Data to process:
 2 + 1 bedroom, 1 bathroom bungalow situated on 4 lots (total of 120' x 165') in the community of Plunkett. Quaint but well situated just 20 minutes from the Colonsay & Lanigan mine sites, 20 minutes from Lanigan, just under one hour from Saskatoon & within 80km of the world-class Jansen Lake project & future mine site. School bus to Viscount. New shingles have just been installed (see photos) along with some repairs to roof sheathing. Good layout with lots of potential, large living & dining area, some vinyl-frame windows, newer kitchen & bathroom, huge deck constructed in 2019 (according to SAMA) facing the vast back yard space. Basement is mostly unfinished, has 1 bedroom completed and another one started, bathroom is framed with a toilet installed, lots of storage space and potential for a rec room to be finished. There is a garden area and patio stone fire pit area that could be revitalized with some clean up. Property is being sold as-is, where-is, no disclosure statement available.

==

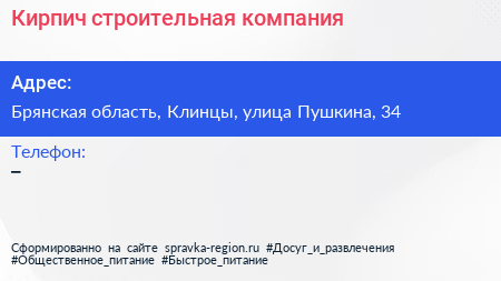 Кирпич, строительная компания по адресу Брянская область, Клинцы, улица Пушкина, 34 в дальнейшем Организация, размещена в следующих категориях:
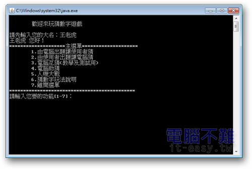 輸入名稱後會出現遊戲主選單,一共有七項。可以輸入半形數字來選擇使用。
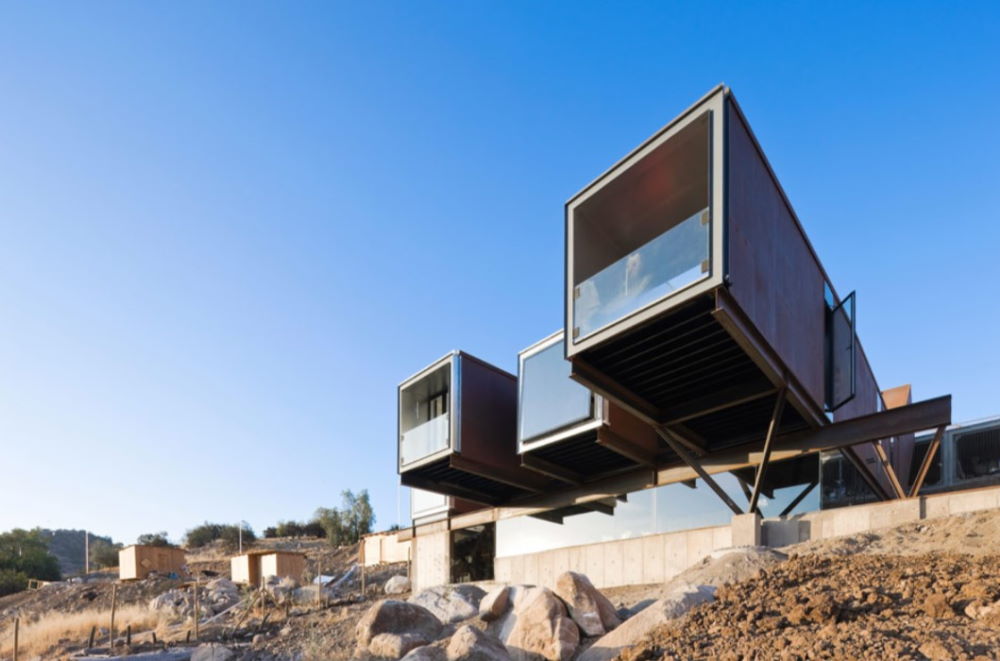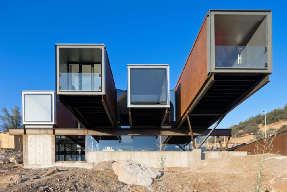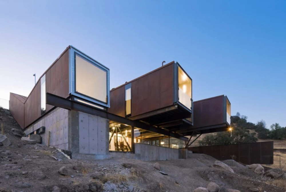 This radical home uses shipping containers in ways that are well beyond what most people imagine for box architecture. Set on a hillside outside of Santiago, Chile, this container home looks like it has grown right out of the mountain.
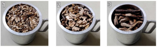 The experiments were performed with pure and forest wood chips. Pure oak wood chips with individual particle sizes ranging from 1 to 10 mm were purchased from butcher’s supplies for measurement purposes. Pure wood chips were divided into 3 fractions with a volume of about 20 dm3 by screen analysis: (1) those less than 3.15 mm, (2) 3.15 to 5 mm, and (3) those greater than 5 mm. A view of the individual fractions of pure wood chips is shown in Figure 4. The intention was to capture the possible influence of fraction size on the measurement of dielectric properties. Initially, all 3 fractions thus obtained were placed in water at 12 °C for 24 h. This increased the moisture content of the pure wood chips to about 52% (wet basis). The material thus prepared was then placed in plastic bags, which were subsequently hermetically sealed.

* * *

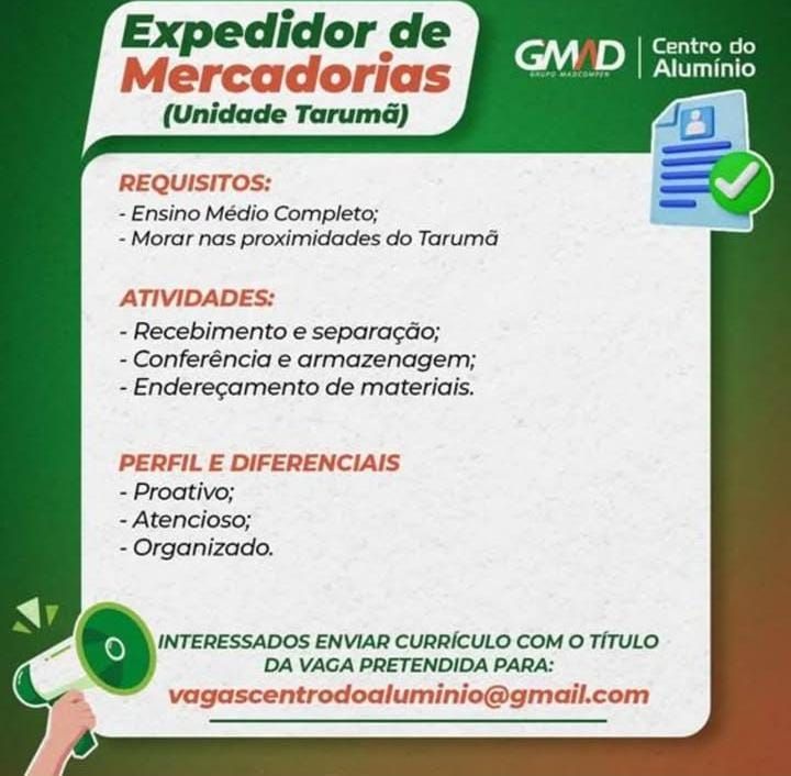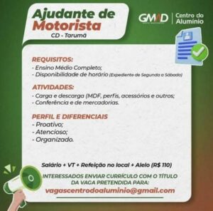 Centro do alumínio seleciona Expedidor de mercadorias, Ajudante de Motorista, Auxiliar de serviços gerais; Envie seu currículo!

What needs to be done: Exact copy, no pictures. Write out the lines in the entries above, starting with the line with "This radical home" and going on through the line with "The experiments were", keeping both.

Response to the task:
 This radical home uses shipping containers in ways that are well beyond what most people imagine for box architecture. Set on a hillside outside of Santiago, Chile, this container home looks like it has grown right out of the mountain.
 The experiments were performed with pure and forest wood chips. Pure oak wood chips with individual particle sizes ranging from 1 to 10 mm were purchased from butcher’s supplies for measurement purposes. Pure wood chips were divided into 3 fractions with a volume of about 20 dm3 by screen analysis: (1) those less than 3.15 mm, (2) 3.15 to 5 mm, and (3) those greater than 5 mm. A view of the individual fractions of pure wood chips is shown in Figure 4. The intention was to capture the possible influence of fraction size on the measurement of dielectric properties. Initially, all 3 fractions thus obtained were placed in water at 12 °C for 24 h. This increased the moisture content of the pure wood chips to about 52% (wet basis). The material thus prepared was then placed in plastic bags, which were subsequently hermetically sealed.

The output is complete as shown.